* What is expected: Transcribe the listing underneath, keeping each word exact and omitting the images.

* Source material:
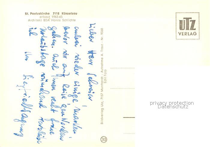 73164224 Kuenzelsau St Pauluskirche Architekt BDA Hanns Schlichte erbaut 1963-65 postalisch nicht gelaufen Erhaltung siehe scans [FriedD77] KatCode: 11110008126046
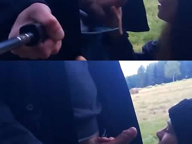 Stepdad receives a bj and fucks busty stepdaughter outdoors
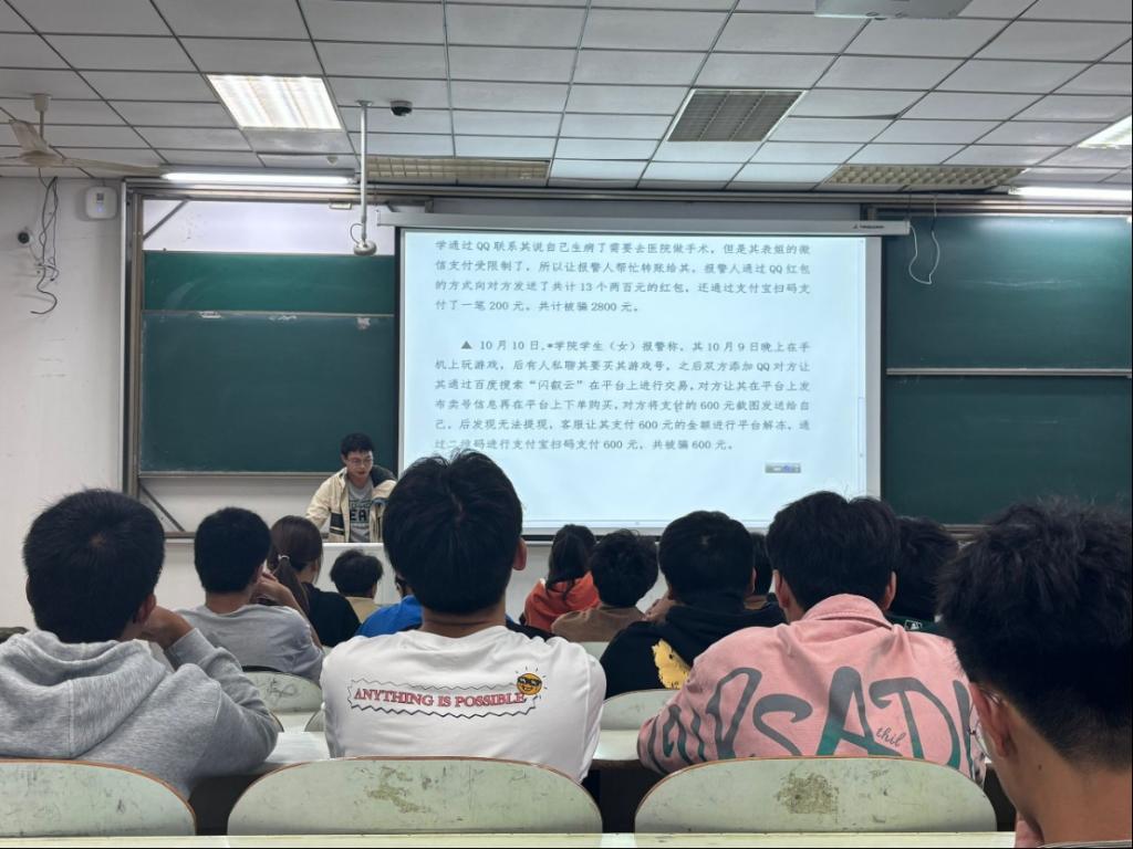 会上,孔志强从什么是电信网络诈骗、电信网络诈骗的常见形式、如何识别并防范电信网络诈骗、被骗后的补救措施等四个方面做了详细、生动的讲解,对如何有效做到识骗、防骗具有很强的指导性和针对性。并通过近期发生的交易游戏账号诈骗、演唱会门票诈骗、冒充好友诈骗等典型电诈案例,用身边事教育身边人,进一步提高了各位防诈骗学生联络员对电信网络诈骗的识别能力和防范意识。

* Your solution:
 73164224 Kuenzelsau St Pauluskirche Architekt BDA Hanns Schlichte erbaut 1963-65 postalisch nicht gelaufen Erhaltung siehe scans [FriedD77] KatCode: 11110008126046
 Stepdad receives a bj and fucks busty stepdaughter outdoors
 会上,孔志强从什么是电信网络诈骗、电信网络诈骗的常见形式、如何识别并防范电信网络诈骗、被骗后的补救措施等四个方面做了详细、生动的讲解,对如何有效做到识骗、防骗具有很强的指导性和针对性。并通过近期发生的交易游戏账号诈骗、演唱会门票诈骗、冒充好友诈骗等典型电诈案例,用身边事教育身边人,进一步提高了各位防诈骗学生联络员对电信网络诈骗的识别能力和防范意识。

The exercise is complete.